Dow Jones Industrial Average - Monthly Chart - Years 1928 to 1942
The above chart covers a period of around 13 years and shows the effects of great crash of 1929-1930 from which the US economy escaped only with the help of the second world war related demand and reconstruction.
Nikkei 225 - Monthly Chart - 1984 to 2010
Japanese economy went through an export lead asset price boom in the Eighties. As seen in the chart, the Nikkei index and the Japanese economy are yet to recover from the slump which followed the bust.

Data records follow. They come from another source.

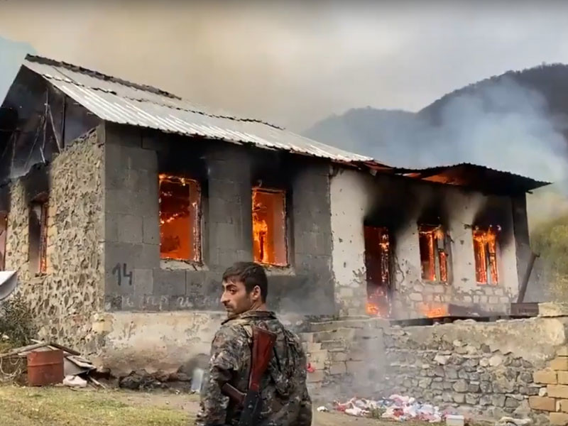 Тем временем армяне из Нагорного Карабаха сжигают свои дома, чтобы они не доставались азербайджанцам.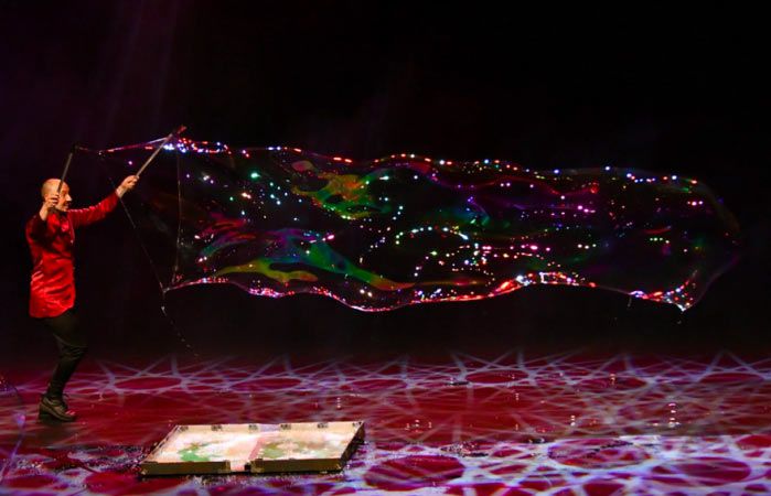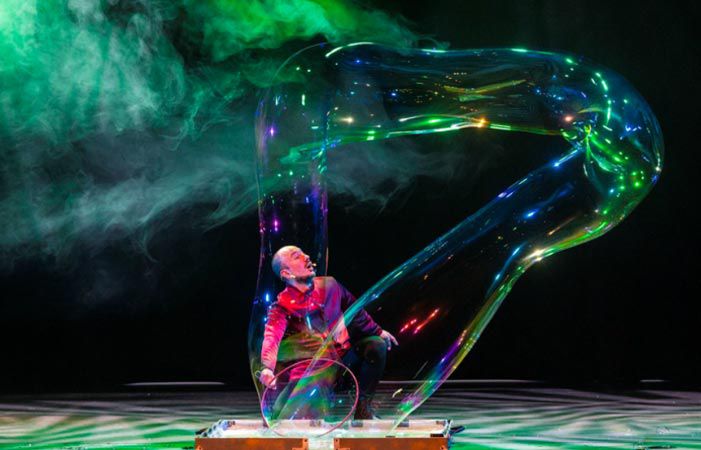 An outstanding show that transports audiences to a dreamlike, surreal world, our brilliant performer David truly is a master in the art of bubbles! Suitable for audiences of all ages, the show presents scientific ideas, poetic moments, and a good deal of hilarity all through the medium of bubbles.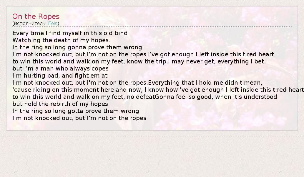 А как ты думаешь, о чем песня "On the Ropes" ?

All these charts show the risks involved with the equity investing. Even those investors who might have used index investing, instead of directly investing in stocks, would have made losses had they invested in Dow or Nikkei during the sample period, even after holding on to their investments for a ten year period. Normally, investors hear only the sunny side of the investment theory. These charts are proof that stock investments should be made carefully and also that asset price booms of the speculative variety does more harm than what is being commonly understood.
Cheers and Prosperous Investing !!!
Keywords : Asset Price Booms. Booms and Busts, Speculative Excesses, Stock Investing, Index Investing, Equity Risk etc.